• _AIM OF THE EXERCISE_
Excluding pictures, what does the listing below contain from the line with "3月22日,河北圣和农业机械有限公司工人在将旋耕机产品装车,供给春耕商场。" up to and including the line with "Святейший Патриарх Кирилл", word for word?

• _MATERIAL PROVIDED_
----
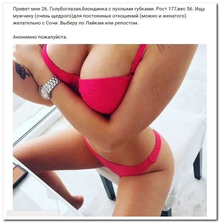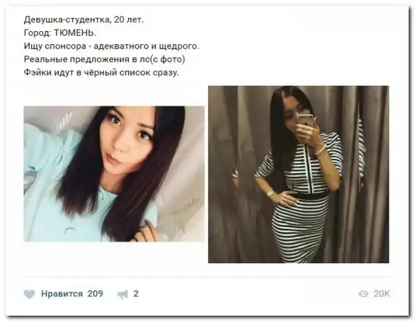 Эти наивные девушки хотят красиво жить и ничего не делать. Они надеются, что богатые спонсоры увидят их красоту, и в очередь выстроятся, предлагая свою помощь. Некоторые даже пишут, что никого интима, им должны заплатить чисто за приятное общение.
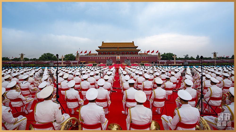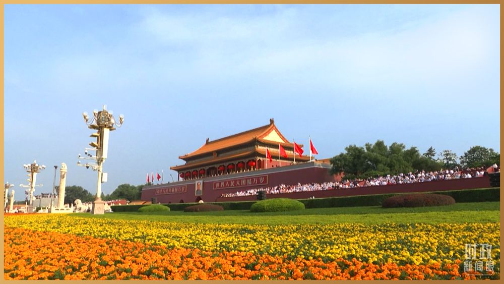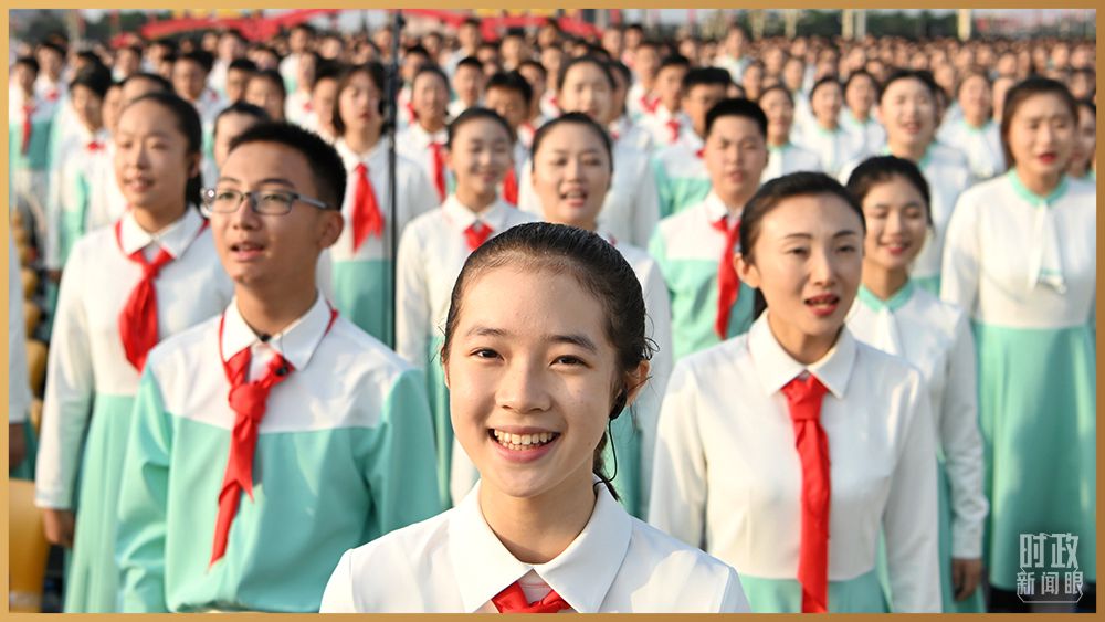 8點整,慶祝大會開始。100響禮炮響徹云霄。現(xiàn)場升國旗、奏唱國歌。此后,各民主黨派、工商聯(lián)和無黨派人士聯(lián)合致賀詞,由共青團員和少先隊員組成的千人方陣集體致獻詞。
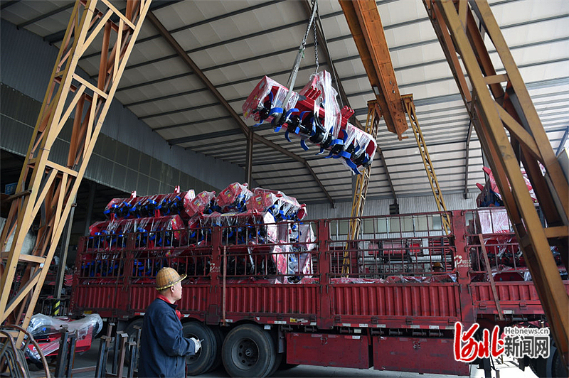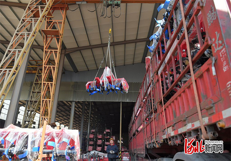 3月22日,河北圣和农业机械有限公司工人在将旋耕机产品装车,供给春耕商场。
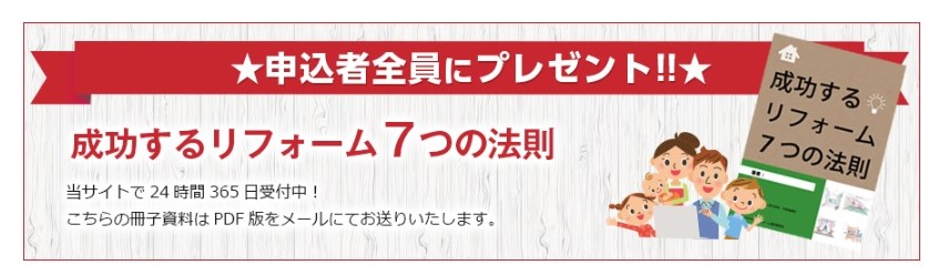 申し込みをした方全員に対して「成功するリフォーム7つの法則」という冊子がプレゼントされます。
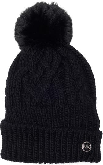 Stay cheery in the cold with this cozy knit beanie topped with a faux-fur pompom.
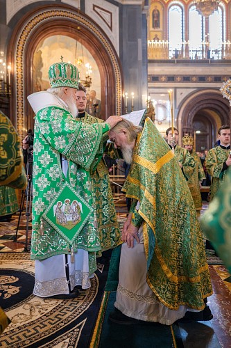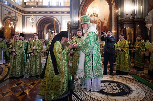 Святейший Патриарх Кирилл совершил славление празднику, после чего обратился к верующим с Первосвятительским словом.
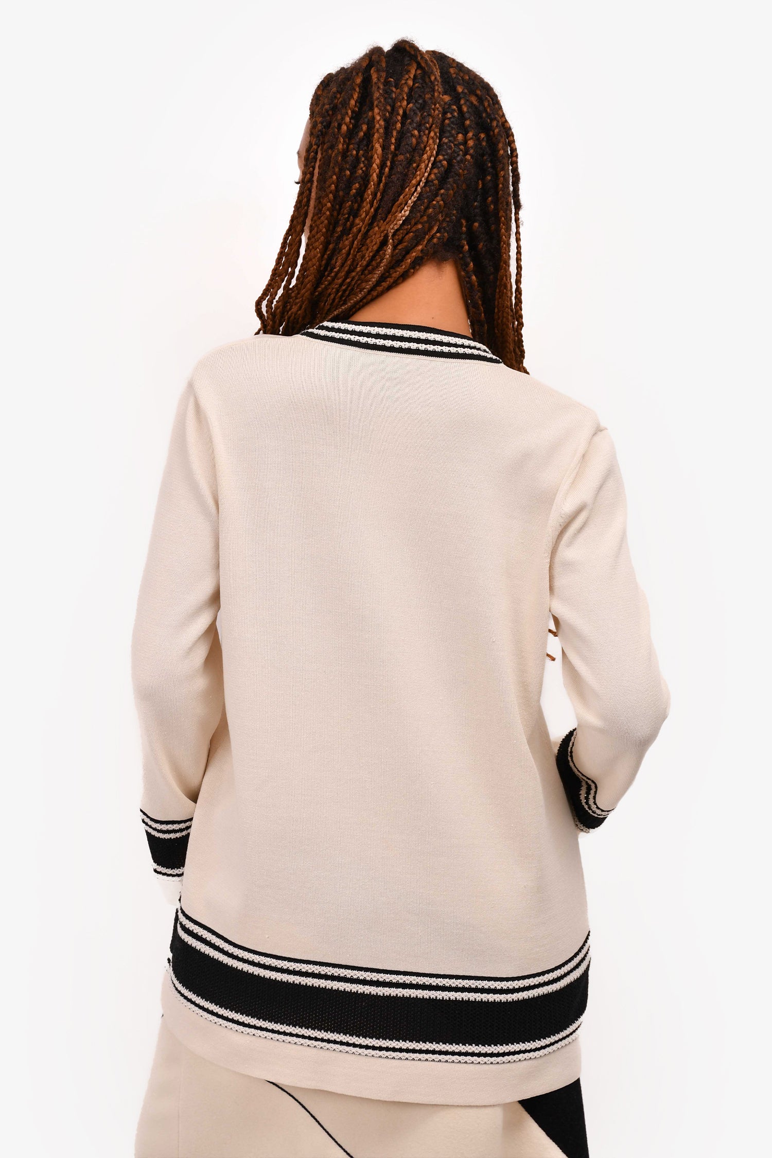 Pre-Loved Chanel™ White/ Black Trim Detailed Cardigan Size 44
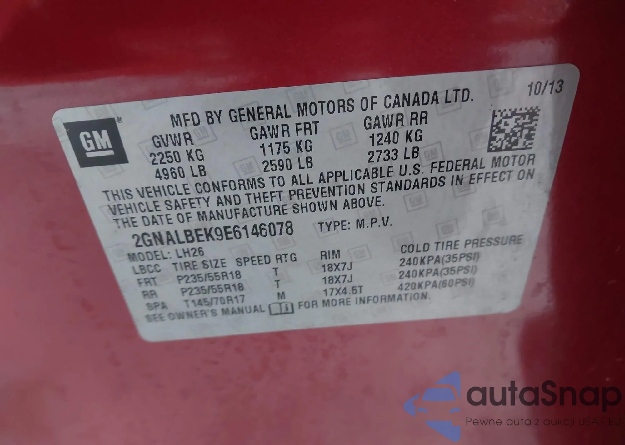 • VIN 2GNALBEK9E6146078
----
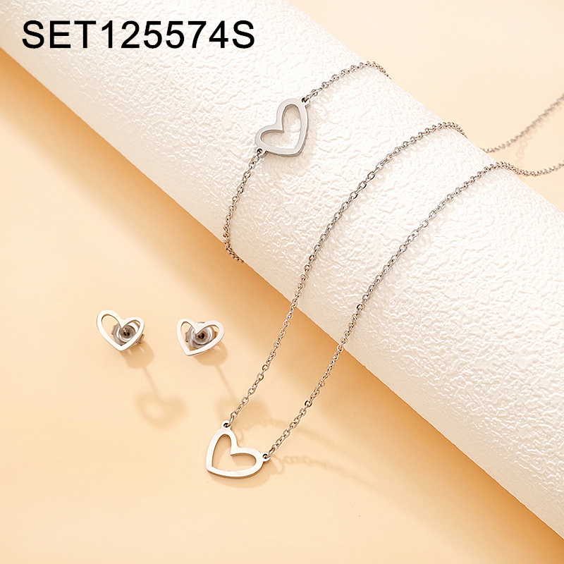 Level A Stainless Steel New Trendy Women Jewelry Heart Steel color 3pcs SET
----
• _EXERCISE OUTPUT_
 3月22日,河北圣和农业机械有限公司工人在将旋耕机产品装车,供给春耕商场。
 申し込みをした方全員に対して「成功するリフォーム7つの法則」という冊子がプレゼントされます。
 Stay cheery in the cold with this cozy knit beanie topped with a faux-fur pompom.
 Святейший Патриарх Кирилл совершил славление празднику, после чего обратился к верующим с Первосвятительским словом.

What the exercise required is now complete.